▸ **Exercise objective**
Begin at the line containing "4、如果需要的數(shù)據" in the records below, end at the line containing "點(diǎn)擊【我的文檔】", and retype each line in that span exactly. No other line and no image should appear.

▸ **Material provided**
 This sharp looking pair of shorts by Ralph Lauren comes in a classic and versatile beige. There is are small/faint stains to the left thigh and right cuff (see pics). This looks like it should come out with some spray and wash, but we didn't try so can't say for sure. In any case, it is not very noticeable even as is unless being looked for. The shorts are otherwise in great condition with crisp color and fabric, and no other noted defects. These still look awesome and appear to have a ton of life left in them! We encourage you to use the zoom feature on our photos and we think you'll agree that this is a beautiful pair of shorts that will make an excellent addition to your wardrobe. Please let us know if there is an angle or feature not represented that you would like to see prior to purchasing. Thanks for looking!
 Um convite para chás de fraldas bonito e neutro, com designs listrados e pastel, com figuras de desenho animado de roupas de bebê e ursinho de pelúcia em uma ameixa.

* * *

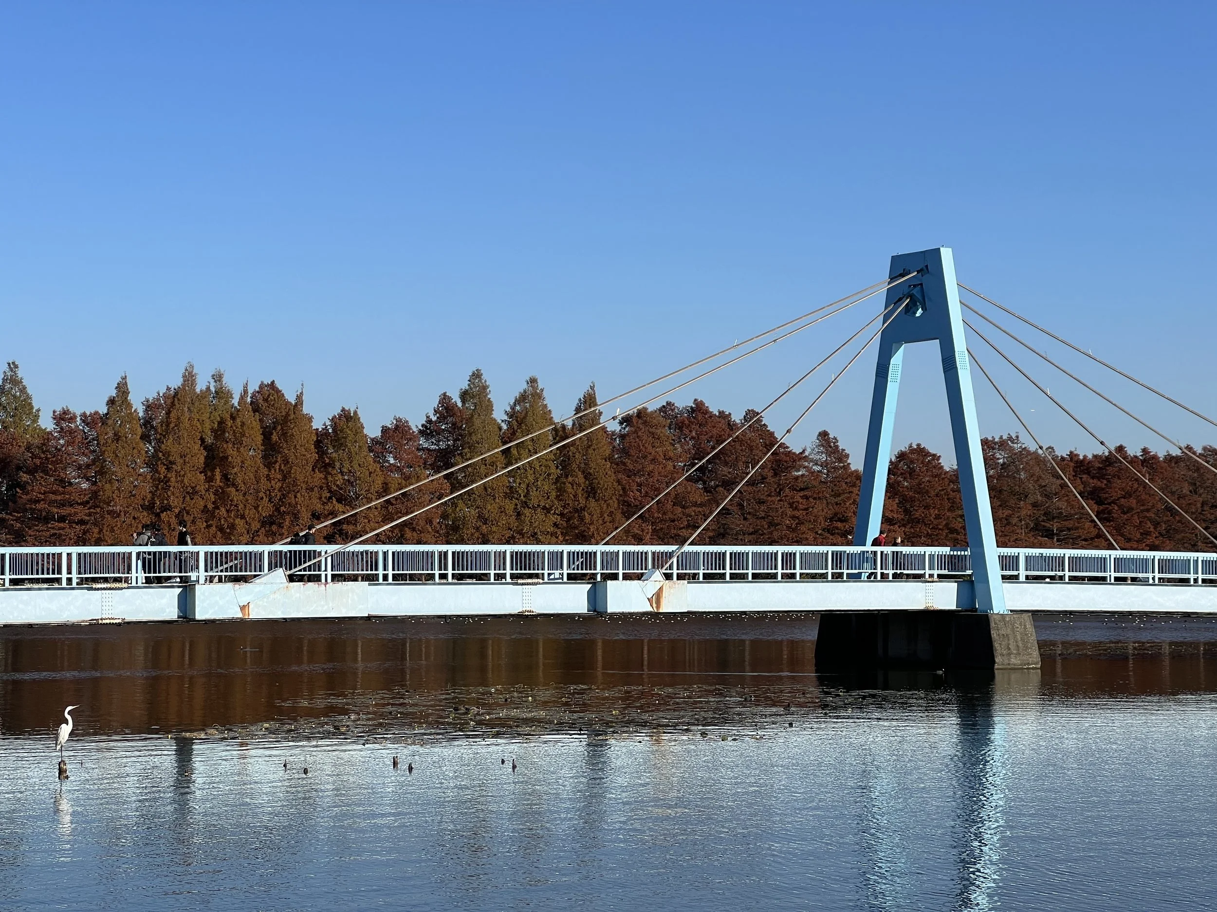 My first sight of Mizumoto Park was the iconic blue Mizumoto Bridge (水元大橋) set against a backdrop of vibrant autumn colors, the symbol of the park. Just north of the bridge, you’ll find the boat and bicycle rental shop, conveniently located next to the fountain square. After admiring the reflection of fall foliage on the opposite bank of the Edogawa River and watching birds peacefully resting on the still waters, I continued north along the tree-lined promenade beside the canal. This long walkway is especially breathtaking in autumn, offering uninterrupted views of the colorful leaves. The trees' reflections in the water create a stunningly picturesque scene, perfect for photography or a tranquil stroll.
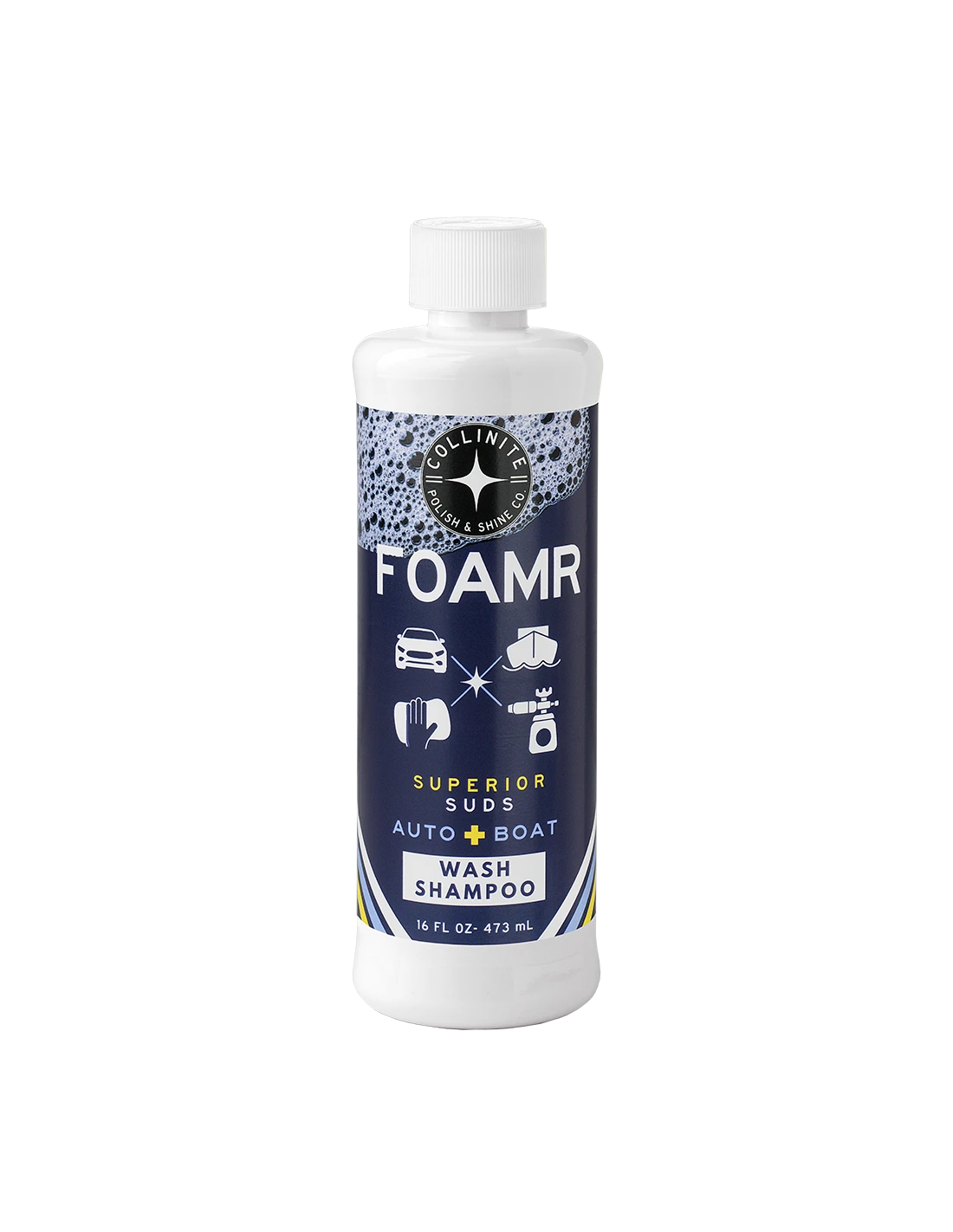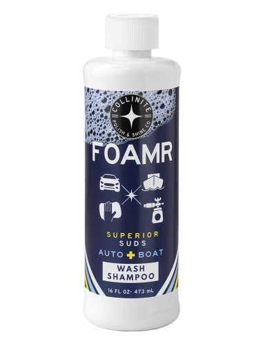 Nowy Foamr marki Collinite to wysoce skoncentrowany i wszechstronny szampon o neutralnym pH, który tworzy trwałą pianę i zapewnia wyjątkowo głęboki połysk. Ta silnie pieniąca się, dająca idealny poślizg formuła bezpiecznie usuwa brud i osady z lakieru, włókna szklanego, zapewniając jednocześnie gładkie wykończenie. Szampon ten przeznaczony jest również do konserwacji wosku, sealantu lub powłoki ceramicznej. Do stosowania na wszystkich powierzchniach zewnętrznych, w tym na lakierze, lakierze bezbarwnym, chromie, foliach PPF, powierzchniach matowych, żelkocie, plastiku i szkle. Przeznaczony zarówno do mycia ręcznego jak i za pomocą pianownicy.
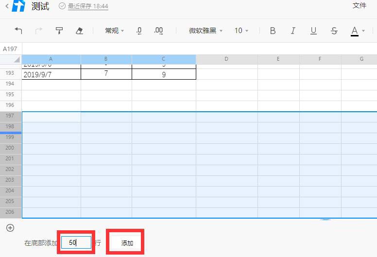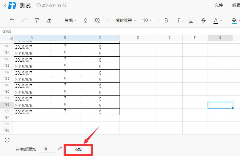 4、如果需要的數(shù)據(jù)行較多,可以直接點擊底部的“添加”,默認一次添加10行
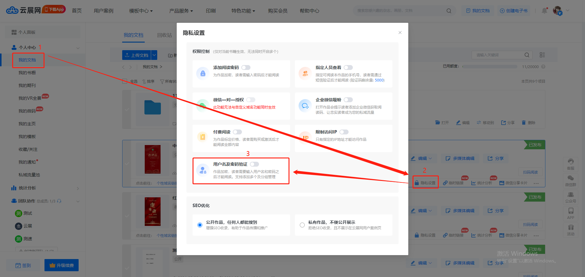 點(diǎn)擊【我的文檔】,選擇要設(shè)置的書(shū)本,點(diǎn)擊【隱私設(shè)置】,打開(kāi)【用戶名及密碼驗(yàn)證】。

...

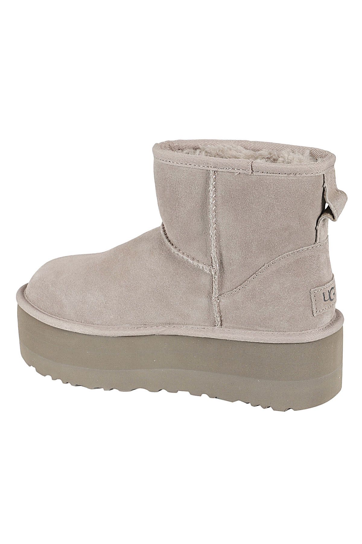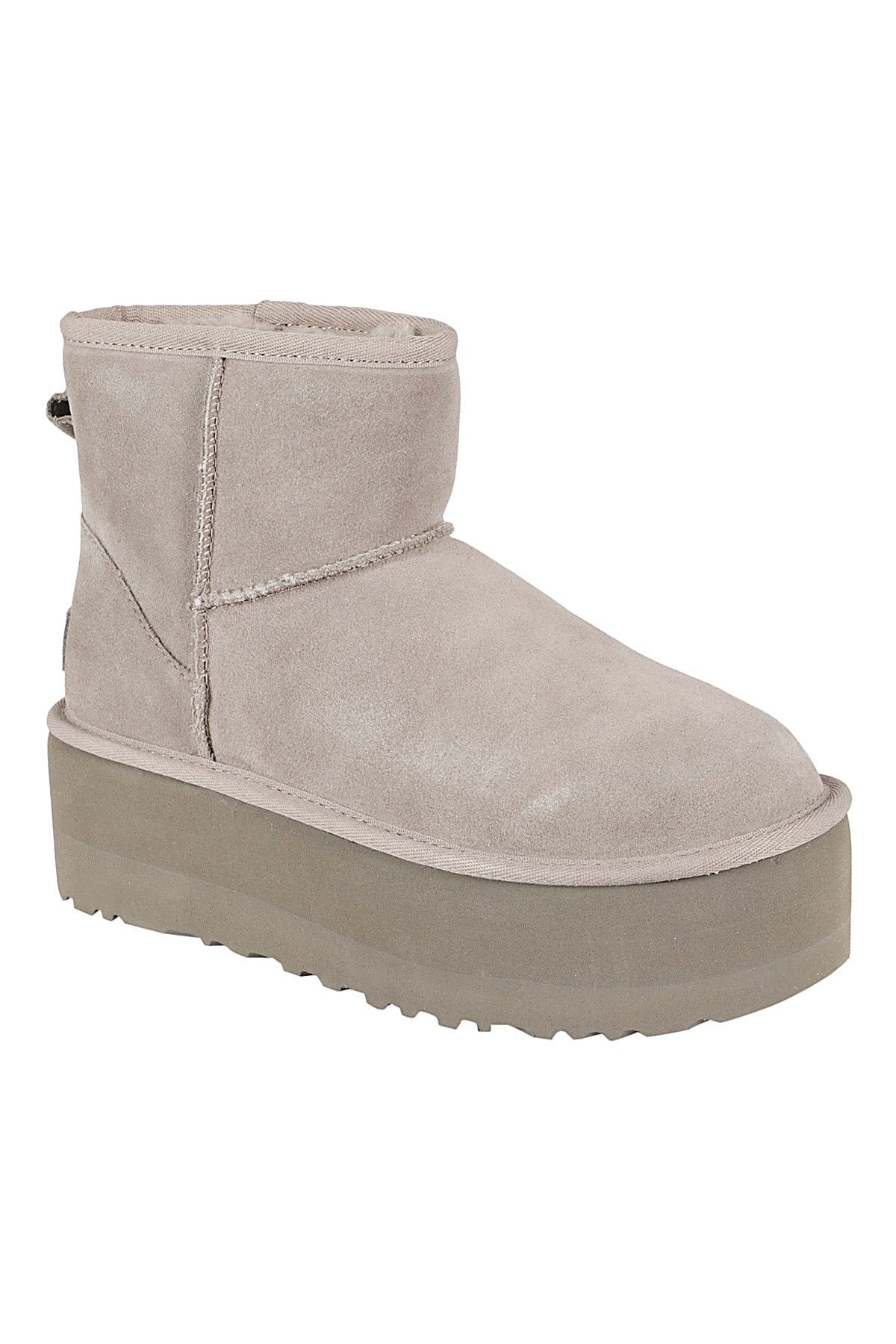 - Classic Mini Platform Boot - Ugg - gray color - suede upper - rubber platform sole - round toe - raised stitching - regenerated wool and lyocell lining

▸ **The completed task**
 4、如果需要的數(shù)據(jù)行較多,可以直接點擊底部的“添加”,默認一次添加10行
 點(diǎn)擊【我的文檔】,選擇要設(shè)置的書(shū)本,點(diǎn)擊【隱私設(shè)置】,打開(kāi)【用戶名及密碼驗(yàn)證】。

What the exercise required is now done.